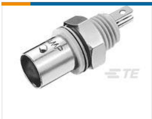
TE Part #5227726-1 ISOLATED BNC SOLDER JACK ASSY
=-=-=-=-=
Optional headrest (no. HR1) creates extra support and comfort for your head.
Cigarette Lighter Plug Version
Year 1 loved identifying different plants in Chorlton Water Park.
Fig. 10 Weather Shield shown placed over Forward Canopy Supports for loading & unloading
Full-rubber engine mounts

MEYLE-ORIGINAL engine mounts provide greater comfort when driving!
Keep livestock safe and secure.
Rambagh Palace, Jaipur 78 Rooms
=-=-=-=-=
- [WORK ORDER] Retrieve every line above holding the word "mounts".

- [REPLY TO THE TASK]
Full-rubber engine mounts
MEYLE-ORIGINAL engine mounts provide greater comfort when driving!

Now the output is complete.